May 18, 1864: Joines the Army of the Potomac, begins to march torwards it

Overland Campaign (May through June 1864)

- May 26: Battle of North Anna, 9th NYHA meets up with the main body.

- May 26–28: On line of the Pamunkey River

- May 28–31: Battle of Totopotomoy Creek, 3rd battalion (Cos. C, I, L, and F) detached to join Artillery Brigade.

- June 1–12: Battle of Cold Harbor 43 killed and mortally wounded, 99 wounded, and 6 missing, total: 148

- June 1–3: Bethesda Church

- June 18-July 6: Beginning of the Siege of Petersburg
- June 22–23: Battle of Jerusalem Plank Road, Weldon Railroad Jerusalem Plank Road
- July 6–8: Move to Baltimore
- July 9: Battle of Monocacy, 51 killed, 79 wounded, 175 missing, total of 305 casualties, the highest of any regiment suffered at Monocasy.

Shenandoah Valley Campaign of 1864 (August 7 – November 28)

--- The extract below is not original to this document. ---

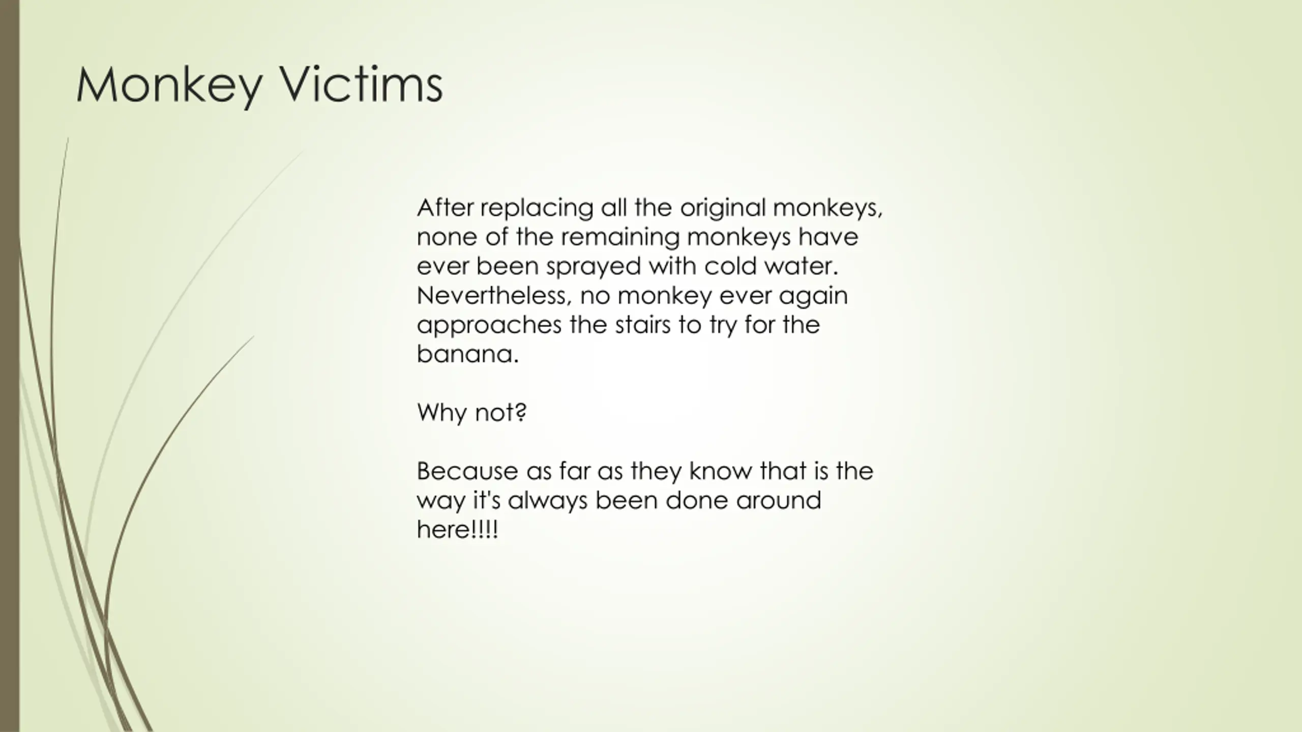 Monkey Victims After replacing all the original monkeys, none of the remaining monkeys have ever been sprayed with cold water. Nevertheless, no monkey ever again approaches the stairs to try for the banana. Why not? Because as far as they know that is the way it's always been done around here!!!!

- August 21–22: Battle of Summit Point

- August 29: Battle of Summit Point

- September 19: Battle of Winchester, 22 killed and mortally wounded, and 20 wounded for a total of 42

- September 22: Battle of Fisher's Hill

October 3:*3rd battalion (Cos. C, I, L, and F) rejoins the regiment

- October 19: Battle of Cedar Creek, lost 64 killed and mortally :wounded and 144 wounded, for a total of 208 casualties
- October through December: Duty at Kernstown
- December 3: Moved to Washington, D.C., then to Petersburg

Siege of Petersburg (December 1864-April 1865), 15 killed

- March 25, 1865: Fort Fisher

Appomattox Campaign (March 28-April 9)

- April 2: Assault and fall of Petersburg, 4 killed

- April 5: Battle of Amelia Springs

- April 6: Battle of Sayler's Creek (also known as Sailor's Creek, Hillsman Farm, or Lockett Farm), 1 killed

- April 9: Battle of Appomattox Court House: surrender of Lee and his Army

- April 17–27: Expedition to Danville

2 men died on picket in Virginia and 2 at an unknown location. 41 died as prisoners of war.

=== Post War Activities ===

- April through June: Duty at Danville and Richmond
- June 8: Corps Review in Washington D.C.

After the war, the soldiers of the Regiment not eligible for discharge from service were transferred to the 2nd New York Heavy Artillery Regiment. They formed four companies, I, K, L and M. These men continued to provide protection for Washington, D.C. and the surrounding areas as the country moved from hostilities to peacetime.

=== Total regimental losses and calculated percentages===
Regiment losses included 6 officers and 198 men killed or mortally wounded. 3 officers and 254 enlisted men died by disease. The total deaths were 461.

Killed and Died of Wounds: 204
Died of Disease, Accidents, etc.: 257
Died in Confederate Prisons (Previously Included): 41
Total Dead: 461
Total Wounded: 363
Total Casualties: 824

Total Percentage Dead: 14.29%
Total Percentage Killed (Previously Included): 6.32%
Total Percentage Wounded: 11.25%
Total Casualty Percentage: 25.53%

==Notable members==

This list of notable members (in no particular order) is based on biographies given in Alfred Seelye Roe's book, The Ninth New York heavy artillery, a history of its organization, services in the defenses of Washington, marches, camps, battles, and muster-out, with accounts of life in a Rebel prison, personal experiences, names and addresses of surviving members, personal sketches, and a complete roster of the Regiment.

- Colonel William H. Seward Jr., son of Secretary of State William Henry Seward
- Private John Henry DeVoe, who married Emma Smith DeVoe, a famous Woman's Suffragist, and assisted in her campaigns.
- Major Dwight Scott Chamberlain, a surgeon during the Civil War, Medical Doctor, banker, and prominent citizen of Lyons, New York, United States.
- 1st Lieutenant Reuben Burton, prominent Reverend and businessman.
- Major George W. Brinkerhoff, assemblyman for eastern Wayne, supervisor of the town of Wolcott, abolished fees for the services of county clerks and sheriffs
- Private Alfred Seelye Roe, a teacher, author, member of the legislature for Massachusetts, and State Senator. He was also chronicler and amateur historian for the 138th New York Infantry/9th New York Heavy Artillery, and other regimental histories.